In the national context, the Ute Treaty of 1868 was one of many treaties between the United States and Native Americans that year, including those with the Navajo and Lakota. At the time, these significant treaties were hailed as milestones in US-Indian relations. President Andrew Johnson gave silver peace medals to each Ute at the 1868 meetings. Yet no matter what the government promised in treaties, leverage remained with the United States and its superior military force.
While Indian leaders often considered treaties to be binding agreements, the US government more or less considered them conditional arrangements, good only until the growing nation needed more land. For example, in 1871 Congress created a workaround to the 1868 Treaty by passing the Indian Appropriations Act. Invalidating an 1832 Supreme Court decision, the act declared that Indians did not belong to “sovereign nations” and thus could not enter treaties. This development made it easier to negotiate more land away from the Utes, such as in the 1873 Brunot Agreement.

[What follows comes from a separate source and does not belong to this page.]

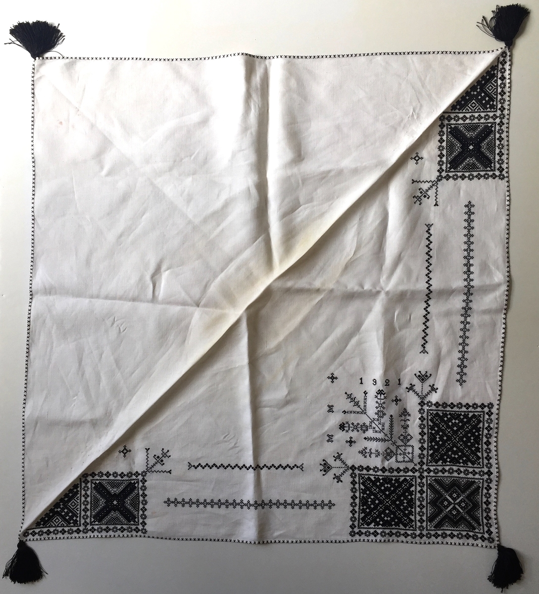 Geometriskt mönster i kvadrater i hörnen, bårder mellan kvadraterna på ryggsnibb och framsnibbar. På ryggsnibben tre kvadrater och en majstångsspira samt märkning med årtal och initialer. På varje framsnibb en kvadrat och en trekant. Ornament i korsstygn och plattsöm.

Still, without the 1868 treaty, white homesteaders and miners may have incited more violence between themselves and Ute people, and without leaders like Ouray, the Utes may have bled themselves out fighting a better-armed foe. In the end, the treaty might best be remembered as both a valiant attempt at peace on the part of Ute leaders and a pragmatic ploy by the US government to separate a people from their ancient homelands.